So I guess I'll start at the beginning. So we're moving and I just managed to finish my new goat pens at the new(but old) house. We lived here for 3 years but moved out a year ago to get closer to town and dbf's work. My mom owns the house & 3 acres so we just moved back there. So the pens are 4ft tall field fence with t-posts every 6-7 feet.  We haven't got our shelter in there yet but we had the "goat tote" with a new tarp on the top. 

So we just moved the goats up here last saturday and they were mainly staying in the upper pen but we got them finished so we moved them down and got the rest of the chickens here. We put 1 coop and one of my flocks down in the lower pen. So wednesday night I had the bottle kids up top and the 2 does and my wether in the lower pen. The lower pen is probably 100 yards away from the house but its in a tree clearing and you have to go down the driveway first and then go right, you cant walk straight to the pen cause the forest is so overgrown. 

So I woke up thursday morning to cats all in my bed.. like 4 in bed and one scurrying in the boxspring. A minute or so later dbf turns on the hall light and says "Knuckle Heads gonna need some attention." WHAT??? Well I hadn't heard the gunshot to start.. So dbf says there was a dog in the pen and he shot it and Knuckle Head was bleeding. Aww Crap. So I threw my clothes on and RAN down there. got there and had Dbf run the girls up to the upper pen cause everyone was so paniced. I saw that Knuckle Head was bleeding from his armpit pretty bad and had punctured and lacerations all on his rump and he was chesty and had blood coming from his nose. He needed to go to the vet and asap. He also needed to get up to the house where it was safe and the cars were so I grabbed him and started trucking up the driveway. He's a BIG boy too. Only a year and he's about 100 lbs and 32 inches at the withers. Didn't matter, we needed to get to the house NOW!  I made it almost all the way before dbf came to help because he couldn't round up the girls. So I got the girls in while he loaded knuckle head in the car. 

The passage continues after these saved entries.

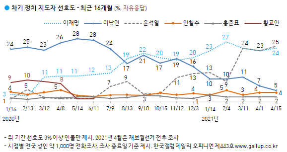 이재명 경기도지사는 1%포인트 오른 24%로 2위였다.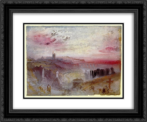 View over Town at Suset: a Cemetery in the Foreground 24x20 Black Ornate Wood Framed Art Print Poster with Double Matting by Turner, Joseph Mallord William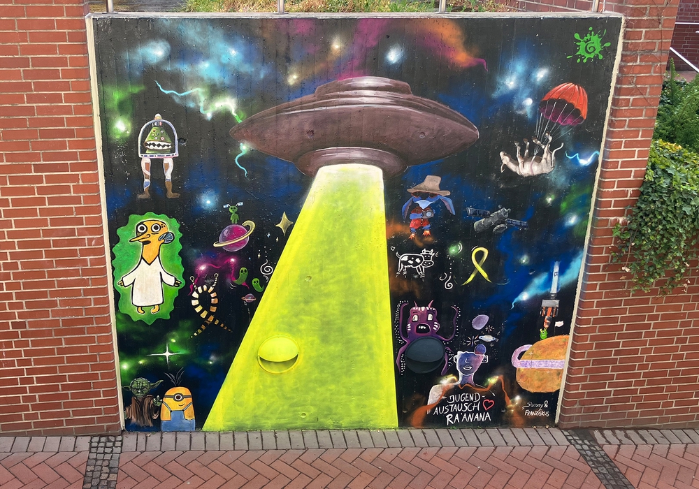 Bereits im April hatten Jugendliche aus Israel und Deutschland an gleicher Stelle im Rahmen einer internationalen Jugendbegegnung ein erstes Kunstwerk geschaffen – der Auftakt zu einer farbenfrohen Gestaltungsoffensive im Stadtgebiet.

I didnt know who see's goats around here on an emergency base so I called the cat/dog emergency and they gave me a number for a vet in Chico, an hour away. I called and got their emergency line and they said just head in because they opened in an hour and it was an hour drive. So I finally get there and "oh that was our emergency line, its just someone sitting at a desk somewhere." The Vet was headed out to euthanize a downed horse and they couldn't even look at him to make sure he was stable.   They told me about a couple other vets that might be able to see him and were now open because it was after 8am.. Got ahold of one about 25 mins back the other direction and they said come in now. Phew! I finally got him there and the tech said the dr wasn't in yet but they planned on pitting an IV catheter in, giving him pain meds and antibiotics, stabilizing him, and then gasing him down to suture up some of the big wounds. 

So I left them with a deposit. They ended up getting him stable thursday and kept him overnight and did the procedure friday. They left a lot of the punctures open to drain, put one penrose drain in, and sutured up the big stuff. 

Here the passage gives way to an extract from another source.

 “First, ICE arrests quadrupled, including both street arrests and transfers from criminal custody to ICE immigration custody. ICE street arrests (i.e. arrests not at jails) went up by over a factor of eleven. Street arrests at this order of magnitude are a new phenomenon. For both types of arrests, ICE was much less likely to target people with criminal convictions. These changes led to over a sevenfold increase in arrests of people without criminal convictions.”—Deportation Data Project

So I found out later when I got home from dropping him off at the vet Dbf had to shoot the dog off of him. With my 12 guage! dropped the dog in one shot though.  I looked around the pen and they had ripped the tarp of the goat tote trying to get at the goats. Eventually the 1 dug in and the other one ran off when dbf shot his buddy. 

Animal control came up and took some pics and picked up the dogs body. We dont know who the owners are but I'm going to try and find them. I'm thinking about putting a flyer with a pic of the dog down at the post office and store. Put something like "Is this your dog or do you know its owners? Call animal control case number:#####.  The vet bill came out to $439 and that was with me telling them I didn't want him to stay through the weekend. Plus they owe me a new tarp and gas money for the extra trips to town and the vet. 



Also when I got home from leaving Knuckle Head at the vet Dbf left to go to the other house because this is our last week. I was outside hot wiring the upper pen and there were dogs running around back there. WTH?? So I had the shotgun with me. Went in the house and a little while later I hear chickens screaming. Dangitt!! Look out the back window and see they're chasing a chicken and are headed towards the front of the house. Opened he front door and BAM theres a chicken with a dog about to eat it on my porch. Needless to say that dog got peppered in the butt.  It was like 'Dang, I missed.' Dog comes to a screaching halt and starts circling chasing his butt that he's to meaty to reach. Looks at me and barks with a snarl. I kept the gun aimed on him in case he decided to get revenge. He was thinking about it.. I could have shot him again and killed him but I wanted his owners to see what happens when they let their dogs run loose. I called Animal conrol immidiately to report it too. They called the next day and offered to give me a dog trap! 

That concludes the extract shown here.